Pressure Changes (Gas Equilibria)
Increasing pressure on a gas-phase equilibrium favours the side with fewer moles of gas. For the Haber process (N2(g) + 3H2(g) ⇌ 2NH3(g)), there are 4 moles of gas on the left and 2 on the right. Increasing pressure therefore shifts the equilibrium to the right, producing more ammonia. If both sides have equal moles of gas (as in H2 + I2 ⇌ 2HI), pressure changes do not shift the equilibrium at all.
Temperature Changes
Temperature is the one stress that actually changes the value of Kc. If the forward reaction is exothermic (releases heat, negative ΔH), treating heat as a product: raising temperature is like adding a product, shifting equilibrium to the left and decreasing Kc. Lowering temperature shifts it to the right, increasing Kc. For an endothermic forward reaction (positive ΔH), raising temperature favours more products and increases Kc.

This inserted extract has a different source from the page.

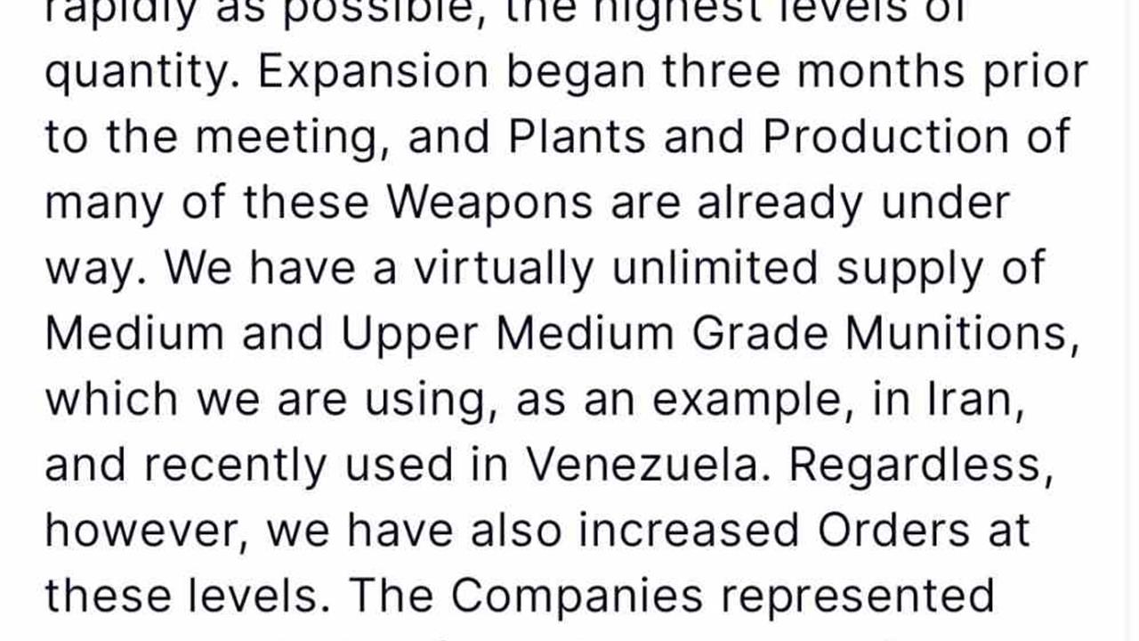 Trump, bu silahların üretim kapasitesini artırma sürecinin toplantıdan üç ay önce başladığını ve ilgili fabrikaların inşasının devam ettiğini belirtti. "Orta ve üst-orta sınıf mühimmat açısından neredeyse sınırsız bir tedarikimiz var. Bunları örneğin İran’da kullanıyoruz ve yakın zamanda Venezuela’da da kullandık. Buna rağmen bu sınıftaki mühimmat için siparişlerimizi de artırdık" ifadelerini kullandı.

This creates an industrial dilemma: for an exothermic reaction like the Haber process, a low temperature gives a high Kc (more ammonia at equilibrium) but a very slow rate. A compromise temperature of around 450°C and an iron catalyst are used — accepting a lower equilibrium yield in exchange for a commercially viable rate of production. Removing ammonia as it forms, and recycling unreacted gases, pushes conversion higher over time.
Summary
Dynamic equilibrium is reached in a closed system when the forward and reverse reaction rates are equal; concentrations become constant but are not necessarily equal. Kc quantifies the ratio of products to reactants at equilibrium and changes only with temperature. Le Chatelier’s principle predicts how concentration, pressure, and temperature changes shift the equilibrium position. These concepts are fundamental to understanding reaction types, industrial synthesis, and buffer systems in biology.